Now, the event has traditionally been run face to face. The School of Engineering hired out the Melbourne exhibition centre and they had a day event for the day with students set up in booths presenting their final year engineering projects.
With the COVID issue that we had that we heard about this morning, that event was cancelled for for a couple of years running.
But the engineering school still wanted to run an industry event, and we were looking for solutions to put that event online.
In 2020, the event was trialled with a mixture of Flip Grid and Google Docs.
It didn’t really work so well.
It wasn’t a secure platform.
There were privacy issues with that as well.
So for 2021 the idea was revised.
And at that time we were running a pilot of PebblePad at RMIT.

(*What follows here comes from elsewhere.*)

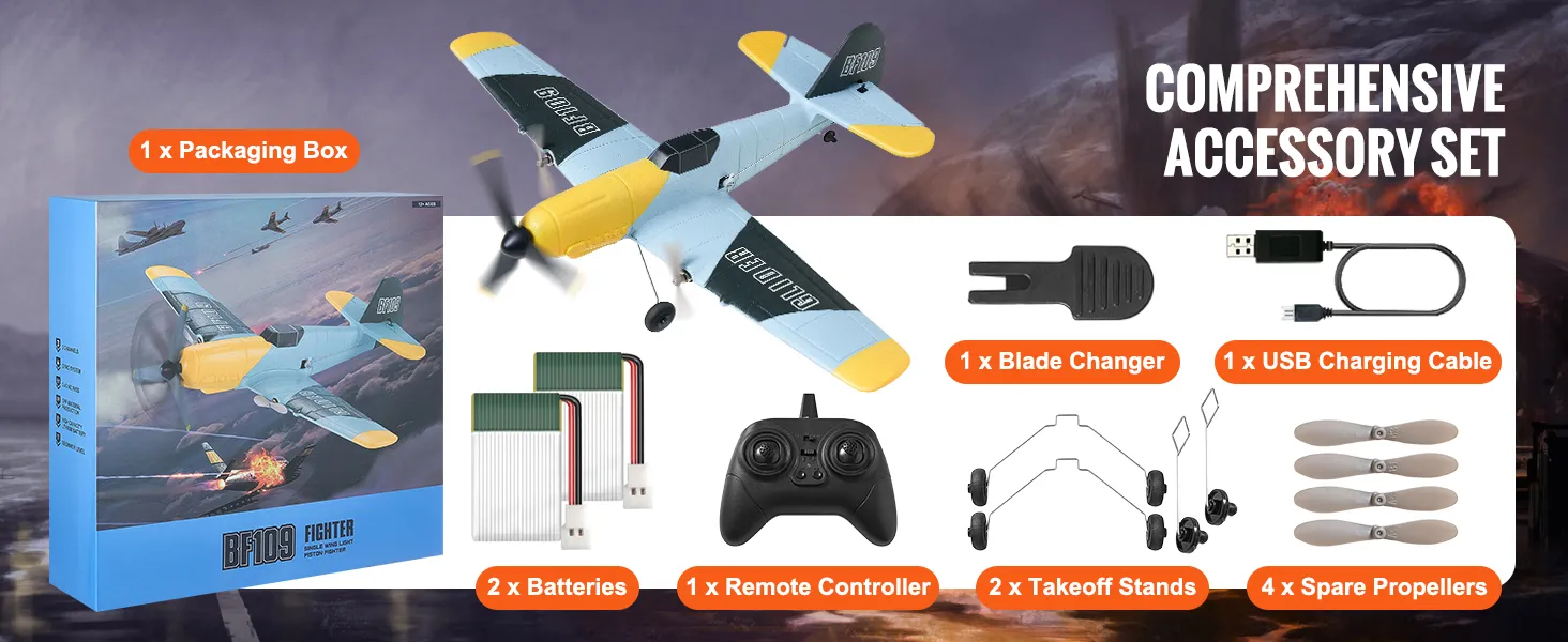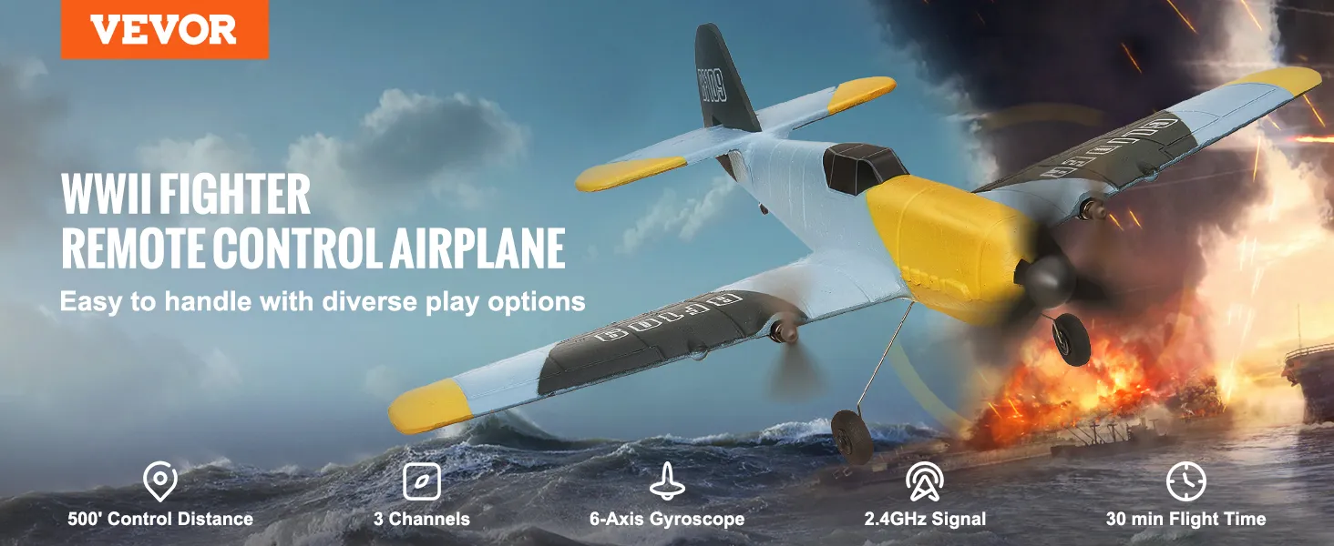 Het WWII-gevechtsvliegtuig speelgoed heeft een WWII-gevechtssimulatieontwerp. Dit biedt een meeslepende vliegervaring die perfect is voor luchtvaartenthousiastelingen. Met een spanwijdte van 14,8 inch en gemaakt van lichtgewicht EPP-materiaal, is dit op afstand bestuurbare vliegtuig ontworpen om buitenomstandigheden aan te kunnen en kan het stoten weerstaan tijdens het opstijgen en landen. De stevige structuur zorgt ervoor dat u kunt genieten van vliegen zonder constante reparaties of onderhoud. Het is dus een betrouwbare keuze voor langdurig vliegplezier.

So we decided to trial that as part of the solution.
And as we all know PebblePad can do pretty much anything. So it was really a good platform.
So as stakeholders we had an events team who would normally run the face to face event.
In this instance they were the conduit between the RMIT academic team and the the industry judges who we would bring on board to to assess the student projects.
We had academic supervisors involved.
I have to recognise Professor Majid Nazim who was the coordinator of this event and he he managed the students and all the timings of everything that we were going to see further on. We had industry of judges, the school of engineering as a whole, and of course the students were major stakeholders in the event.
And a point to make is that, we’ve continued that event in post COVID times. So we found PebblePad is a really good platform, for students to present their engineering projects.